I firmly believe you are supposed to consume “Where Reasons End” in the late (or early) hours engrossed in the dialogue Yiyun Li spins out of thin air, where the quiet, liminal space allows for the narrator’s circumstance to become your own.
I don’t recommend you consume a bottle of red wine along with the words, but those lessons are learned the hard way.
Whatever state one is in when reading Yiyun Li’s 2019 novel “Where Reasons End,” it is a heartbreaking force of fiction. Written in the months after Li’s son’s suicide, the book grapples with guilt and grief without feeling like a list of conversations Li wishes she had, but rather a continuation of the relationships — mother/son, friend/enemy — she sought to maintain.
The novel is sparse: two characters with dialogue, only one given a name, and a complete abandonment of physical setting. Instead, we are taken into a conversation between a mother and her son, Nikolai. But Nikolai is said to have died some weeks ago. Where the unnamed narrator tells us she “had once gave Nikolai a life of flesh and blood [she’s] doing it over again, this time by words.”

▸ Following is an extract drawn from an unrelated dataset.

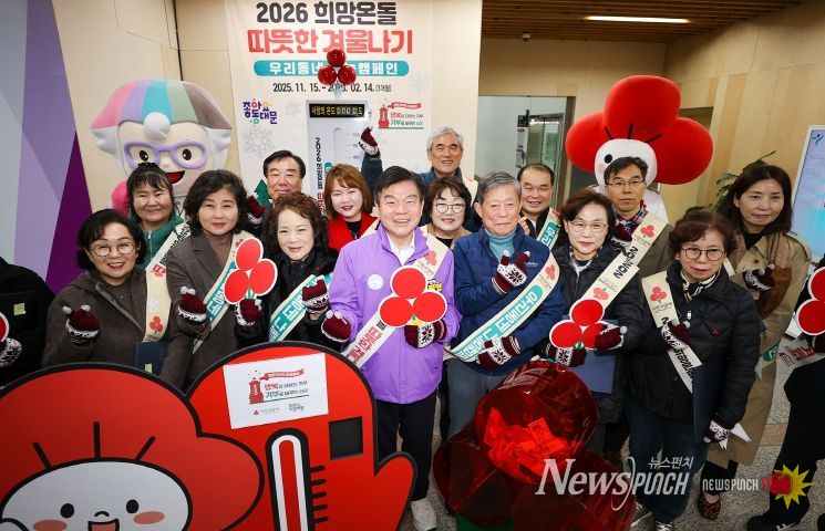 뉴스펀치 김완규 기자 | 서울 동대문구는 14일 구청 1층 로비에서 ‘사랑의 온도탑’ 제막식을 열고, 서울 사회복지공동모금회와 함께하는 ‘2026 희망온돌 따뜻한 겨울나기, 우리동네 나눔캠페인’을 시작했다고 밝혔다.

The two clash like similarly polarized magnets, an expression readers will come to know that draws the ire of the whip-smart — and at times arrogant — Nikolai. Their clashes over proper writing form can be read as much as ideological differences between mother and son as they are Li grappling with the appropriate way to dispense of her grief on the page. At one point the mother settles, positing “all words are indispensable, don’t you agree?” without allowing her son to return an answer.
While ruminations on language are featured throughout the book, the emotional crux is found in poking around the narrator’s grief, the raw “wound that stays open always.”
Li has made a one-sided, endlessly spiraling interior monologue into a rhythmic back-and-forth with a friend and foil in Nikolai. He doesn’t initiate the conversation, he’s metaphysically incapable, but he pushes the narrator beyond the simple, complacent renderings of grief and self-doubt that feel scripted into honest emotion.
“I wish you had made me an enemy, I said, rather than yourself. Mothers. I thought, would be perfect for the role.
You can’t be that for me, Mommy, Nikolai said. I’ve found the perfect enemy in myself.”
While you grapple with the rules and contradictions in the space where mother and son are reunited, you unwind her attempts to understand her son’s pain and her own.
Li is not a stranger to the kind of pain that drives people to leave their loved ones behind, suffering from her own suicide attempt in 2012. In the aftermath of her son Vincent’s suicide in 2017, she wrote a memoir, “Dear Friend, from My Life I Write to You in Your Life,” which could be read as a companion in sorrow.
Grief should never be measured by what can be produced out of it. Hairol Ma, a very talented young writer, noted in a recent newsletter, “Sometimes all we can manage is to suffer quietly. And that is enough.” But if what comes out of grief can be measured by how closely it communicates the emotion in totality, then “Where Reasons End” may be worthy of perfectionist Nikolai’s admiration.